We met in a shed under a disco ball.
The relationship didn't happen overnight; in fact, it took a long time before it was made official.
The funny thing is I remember feeling like the third wheel for the majority of time we were freshly getting to know each other. I met him through my friend and they would often hang out. I would always get invited to join the fun. We got to know each other but at the beginning I wasn't into it. I was just looking for friends, not a hook up, definitely not a relationship.
I remember when Jess told me he liked me. LIKED ME. What does that mean? I like him too, we're all having fun. No, he really likes you, wants to pursue something more than just friends.

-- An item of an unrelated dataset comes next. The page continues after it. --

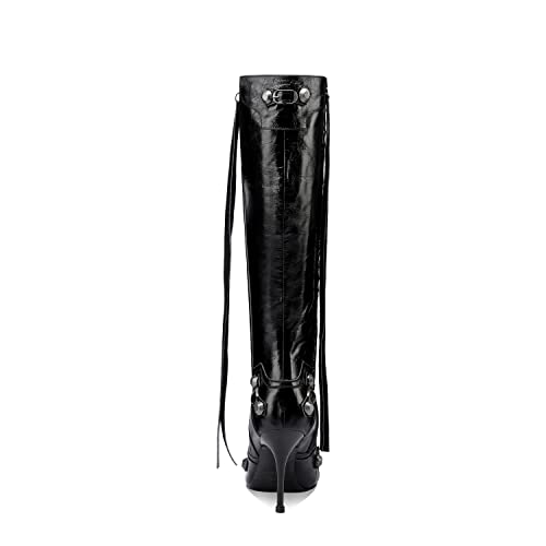 keleimusi Metal Studs Knee High Boots for Women Pointed Toe Heeled Ruffle Leather Shoes 6
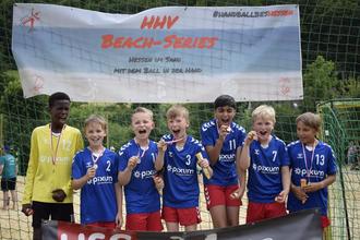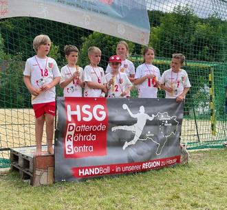 Die E-Jugend spielte mit zwei gemischten Mannschaften beim Turnier mit. Am Ende belegten die Teams der TSG den zweiten und dritten Tabellenplatz hinter den Gastgebern der HSG Datterode/Röhrda/Sontra. Bei bestem Wetter stand vor allem der Spaß im Spiel auf Sand im Vordergrund. Bei der Siegerehrung nahmen alle Teams die vom Hessischen Handball-Verband gesponserten Siegermedaillen voller Stolz entgegen.

Oh. This made me nervous. Interestingly enough I didn't get much 'action' in high school, never had a boyfriend, didn't understand the world of hooking up. I was enjoying the fun we were having. It was innocent, no pressure, it was just friends hanging out with friends.
And then I caught the feelings.
I remember when I realized I liked him, more than a friend, and felt nervous, scared, can he tell I actually like him? I didn't know what to do. I didn't want to act different, or be super obvious, but you know, friends like to talk so word got around that "SHE LIKES YOU!"
Everything for the most part kept the same. We hung out with the same friends while getting to know each other better. Everything moved really slow, which I liked. One night we were hanging out with the same friends we always hung out with, found ourselves alone and kissed.
We decided to pursue whatever it was we were pursuing. It was fun, innocent, and we liked each other. We weren't official, as in boyfriend or girlfriend, we were just two people who liked each other. After so many months, I realized I wanted Chris to be my boyfriend. At the time he wasn't really into titles, or didn't care, and said "why does it matter? I like you, you like me, I'm not seeing any one else, I don't think you're seeing anyone else, we're just doing us." I agreed, but I never had a boyfriend before and I always wanted one.
So I asked him.
It was September 26, 2008. We went to the Irvine Spectrum to watch the shitty Shia LeBouf Movie, Eagle Eye. We were driving home and I asked, "Will you be my boyfriend?" He smiled. He said yes. And, well, the rest is history.
We've been together longer than eight years, but officially, today marks eight years. He's my favorite person. I love doing life with him and I can't ever picture doing life with anyone else.